Germany will step up to the new security demands in Europe, President Frank-Walter Steinmeier has said, as his country marked 70 years of NATO membership against the backdrop of the Trump administration signalling that US defence priorities lie elsewhere.
“Today, with Putin’s war against Ukraine raging on in full force and with the United States putting fierce pressure on its European allies, Germany, I think, is in a crucial position,” Steinmeier said.
“Germany is being called on and we heard the call.

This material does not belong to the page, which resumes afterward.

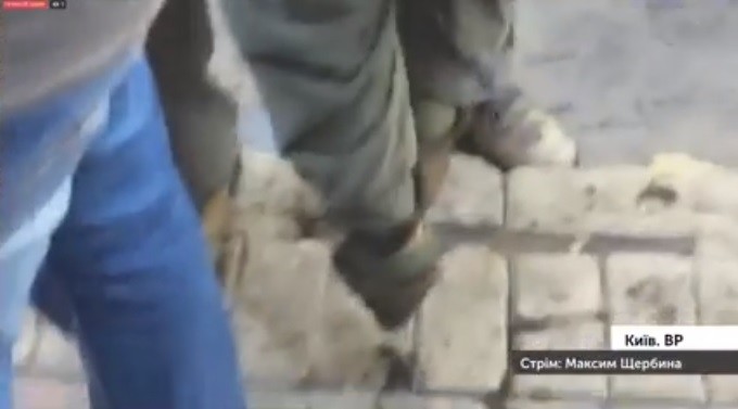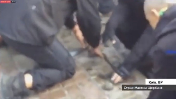 Також МВС обнародувало відео, як мітингувальники забивають ногами поліцейського. Постраждалий 27-річний поліцейський Ігор Яценко - ветеран АТО.

We got the message and indeed, Mark, you can count on us,” he said, standing alongside NATO Secretary General Mark Rutte at the 32-nation military alliance’s headquarters in Brussels.
At the same place in February, US Defence Secretary Pete Hegseth told Ukraine’s Western backers – most of them NATO members – “that stark strategic realities prevent the United States of America from being primarily focused on the security of Europe.”
Apart from the security challenges the US believes are posed by China, Hegseth said that America would also be “focusing on the security of our own borders.”
His remarks – the first by a member of the new Trump administration at NATO – unsettled Germany and other allies and many want to know how many US troops might be pulled out of Europe and when so they can fill any security vacuum.
No US military withdrawal plans have officially been announced.
Hegseth also added a warning that Ukraine will not get all its territory back from Russia and will not be allowed to join their security alliance, which would provide Kyiv with the ultimate security guarantee to ensure that Putin never attacks again.
NATO leaders have always insisted that membership should be discussed solely among allies and candidates and that Moscow can have no say, but recently it’s become a bargaining chip in talks between the United States, Russia and Ukraine.
NATO was formed in 1949 as a bulwark against aggression in Europe by the then Soviet Union.
Former West Germany sought protection as its 15th member on 6 May 1955 as concern grew about the Soviet army massed east of the Iron Curtain.
Seventy years on, the threat from Moscow persists and Germany’s incoming coalition has ambitious plans to loosen strict debt rules for higher defence spending to help strengthen the country’s long-neglected military.
The outgoing government created a special €100 billion fund to modernise it, helping Berlin also to meet NATO’s target of spending 2% of GDP, which is likely to be set at 3% or more when the organisation’s leaders meet in the Netherlands in June.
“We will strive to make Germany, both its military and its infrastructure, the backbone of conventional defence in Europe,” Steinmeier said.
Speaking inside the cavernous atrium that leads to NATO’s meeting halls and national offices, he praised the allies’ decision to admit West Germany as a member and said he hopes that NATO leaders can show similar “strategic wisdom today, as the path from here on out looks even more uncertain than it looked back then.”
The challenge, Steinmeier said, is to uphold values like democracy and the rule of law as much as to defend territory.
“We all know that these have come under attack, not just from outside but also from within,” he said.